Dinesh D'Souza says history hasn't spoken yet. Running through the list of recent presidents D'Souza credits Ronald Reagan with winning the cold war, relegates George H. W. Bush to caretaker status in spite of winning the Gulf War, and dismisses Bill Clinton as a total failure.
George W. Bush? Lots of people are rushing to judgment. Some months ago historian Sean Wilentz published an article in Rolling Stone (where this Princeton historian features some of his best work) declaring Bush the worst president ever. Ever. And the man isn't even done yet.

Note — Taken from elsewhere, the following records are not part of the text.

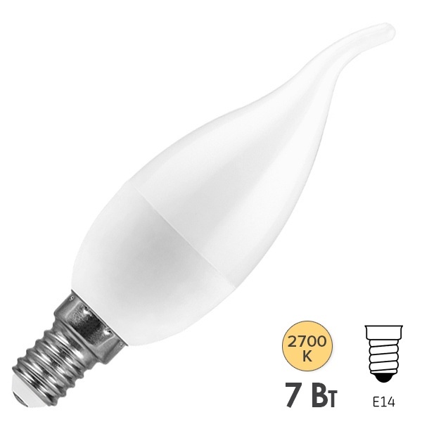 Лампа светодиодная, (7W) 230V E14 2700K на ветру C37T, LB-97
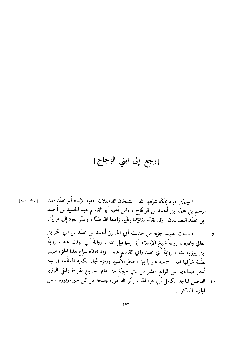 رجع إلى ابني الزجاج وممن لقيته بمكة شرفها الله، الشيخان الفاضلان الفقيه الإمام أبو محمد عبد الرحيم بن مُحَمَّدِ بْنِ أَحْمَدَ بن الزجاج، وابن أخيه أَبُو الْقَاسِمِ عبد الحميد بن أَحْمَدَ بْنِ محمد البغداديان، وقد تقدم لقاؤهما بطيبة زادها الله طيبا، ويسر العود إليها قريبا.
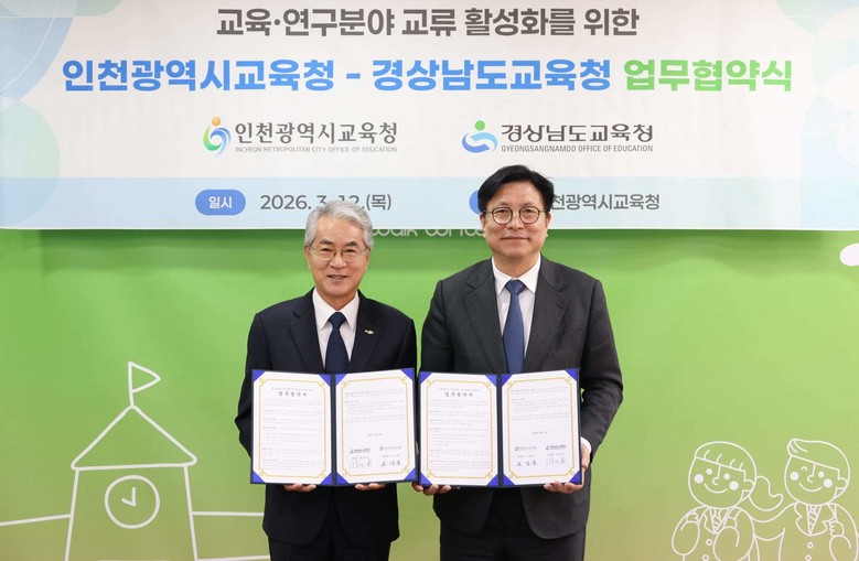 [인천 세계타임즈=심하린 기자] 인천광역시교육청(교육감 도성훈)은 12일, 경상남도교육청(교육감 박종훈)과 읽걷쓰교육 확산과 교육·연구 분야 교류 활성화를 위한 업무협약을 체결했다.
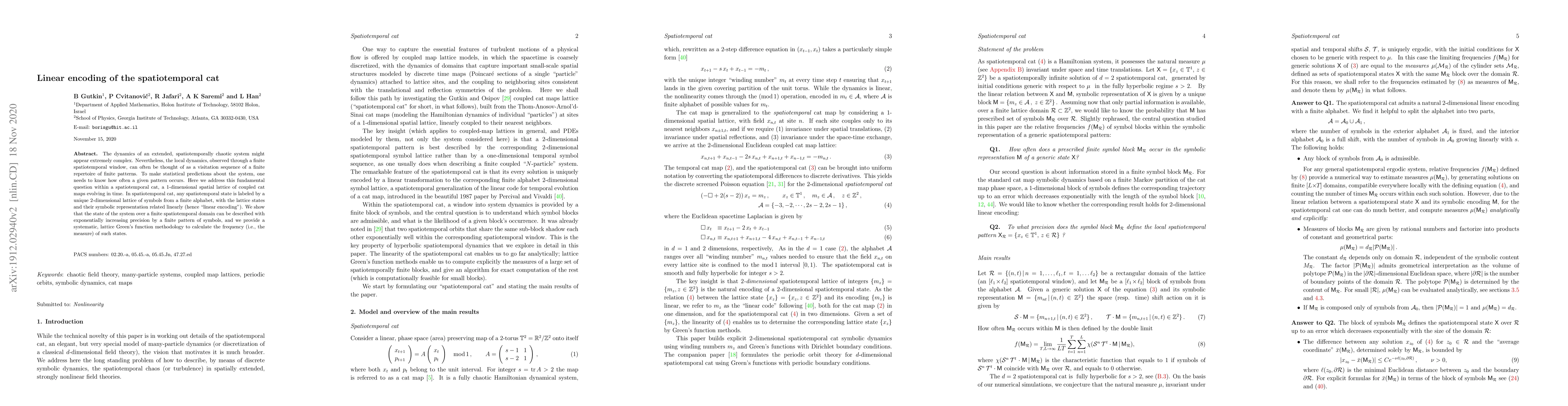 The dynamics of an extended, spatiotemporally chaotic system might appear extremely complex. Nevertheless, the local dynamics, observed through a finite spatiotemporal window, can often be thought of as a visitation sequence of a finite repertoire of finite patterns. To make statistical predictions about the system, one needs to know how often a given pattern occurs. Here we address this fundamental question within a spatiotemporal cat, a 1-dimensional spatial lattice of coupled cat maps evolving in time. In spatiotemporal cat, any spatiotemporal state is labeled by a unique 2-dimensional lattice of symbols from a finite alphabet, with the lattice states and their symbolic representation related linearly (hence "linear encoding"). We show that the state of the system over a finite spatiotemporal domain can be described with exponentially increasing precision by a finite pattern of symbols, and we provide a systematic, lattice Green's function methodology to calculate the frequency (i.e., the measure) of such states.
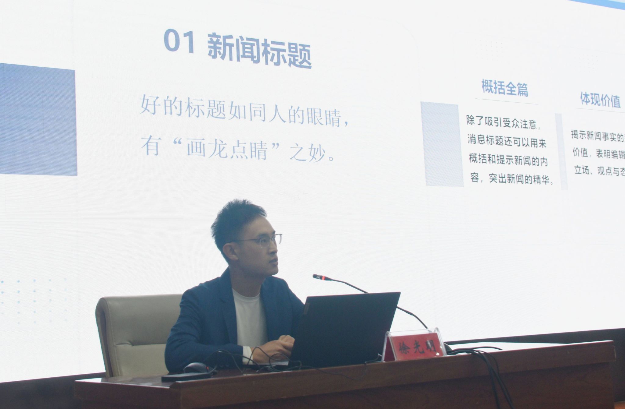 本场讲座,学校党委宣传部的徐光明以《新闻采编创新意识与能力提升》为题,从“新闻报道的文体类型”“新闻写作创新意识”“校园新闻的写作方法”“新闻编辑提升”等四个方面,结合最新揭晓的34届中国新闻奖获奖新闻和《新华网》《人民日报》等主流媒体发布的高校好新闻,用“理论+案例对比”的形式,对新闻写作和编辑工作的相关知识和注意事项进行详细阐释。
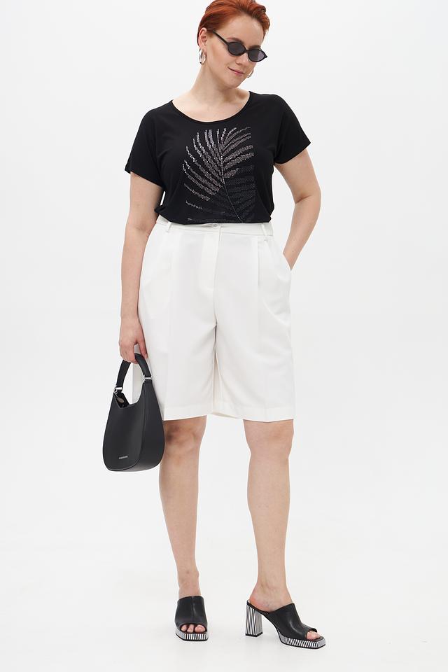 Дизайн футболки дополняет аппликация в виде пальмового листа, выполненная из мелких страз, придающая образу изысканность и привлекательность. Круглый вырез горловины и короткий рукав делают модель универсальной и подходящей для различных типов фигуры. Свободный крой футболки не сковывает движения, а асимметричный низ добавляет оригинальности.

Bush is staking it all on Iraq. The man is going for the bleachers. And I think he recognizes that this is an experiment, whose outcome could go either way. History says democracy won't work in the Muslim Middle East. But Bush believes that democracy is a universal idea, and he's willing to buck the trend. It's a noble effort.
I have lots of criticism to make of Bush, but I do admire his tenacity, his stick-to-itiveness. The man's ability to keep going in the face of overwhelming political pain and opposition is simply unmatched. Even Reagan didn't have that kind of fortitude. So I hope he succeeds. And he just might. If in two years the insurgency is repelled, and if Iraq is a standing, even if fragile, democracy, then Bush will have created something truly new in the Middle East--a new model of a pro-American Muslim democracy.

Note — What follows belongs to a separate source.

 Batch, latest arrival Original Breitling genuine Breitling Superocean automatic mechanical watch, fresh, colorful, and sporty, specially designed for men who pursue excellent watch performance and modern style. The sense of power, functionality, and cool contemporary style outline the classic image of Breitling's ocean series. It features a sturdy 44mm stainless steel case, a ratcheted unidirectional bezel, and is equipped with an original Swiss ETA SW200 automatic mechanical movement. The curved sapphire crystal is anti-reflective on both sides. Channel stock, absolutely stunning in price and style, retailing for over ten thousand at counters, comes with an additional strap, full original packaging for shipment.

That's what scares our enemies. And our allies. And the left in this country. As former Clinton official Sandy Soderberg told Jon Stewart after the U.S. invasion of Iraq, "It's scary for Democrats...There's always hope that this might not work." History will be the judge. But so far history is just waiting, and watching.
According to Bob Novak while history may be waiting and watching, the Democrats are busy busy. Novak, who reported Richard Armitages outing of Valerie Plame, says the Democrats are wasting no time working the Scooter Libby verdict into their attacks on the White House.
Writing in the latest Evans-Novak Political Report, Novak--who provided testimony on his involvement in the Plame outing to Libby prosecutor Patrick Fitzgerald--says that Majority Leader Sen. Harry Reid (D-NV) "greeted the conviction as the beginning of a reckoning with the Bush Administration for manipulating intelligence and discrediting critics.
Reid and the rest of the Democratic leadership harbor those same sentiments voiced by former Clinton official Sandy Soderberg about the American liberation of Iraq. "It's scary for Democrats...There's always hope that this might not work." In fact it would appear to be crucial for Reid and the Democrats that the American liberation of Iraq not work, they work so hard to prevent it. But according to Omar Fadhil of Iraq the Model, the Iraqis are working hard, too. Omar reports that politics have broken out anew in Baghdad.
A new political bloc has emerged. It’s not a fourth bloc as Mohammed anticipated some time ago; it’s a union of, so far, two existing blocs. The core of the new movement is pretty much the same as what Mohammed expected, though. The Accord Front has announced it has joined the bloc led by former PM Ayad Allawi, forming what they refer to now as the “Iraqi National Front”. This new alliance has 69 seats in parliament and is likely to gain an additional 11 seats if the Dialogue Front of the nationalist Salih al-Mutlaq decides to join in, which is not unlikely...
The second development, which is far more significant than the first, just took place in the corridors of the United Iraqi Alliance, the main Shia bloc. This morning, in a frank challenge to ayatollah Sistani’s earlier call for preserving the UIA’s unity, the head of al-Fadheela party -which controls 15 of its 130 seats- declared independence from the Shia bloc and said his team now would act as an independent bloc within parliament.
There is so much at stake in Iraq - the Bush historic legacy, Iraqi freedom and democracy, hope for political reform in the Middle East, American security, and Democratic political advantage.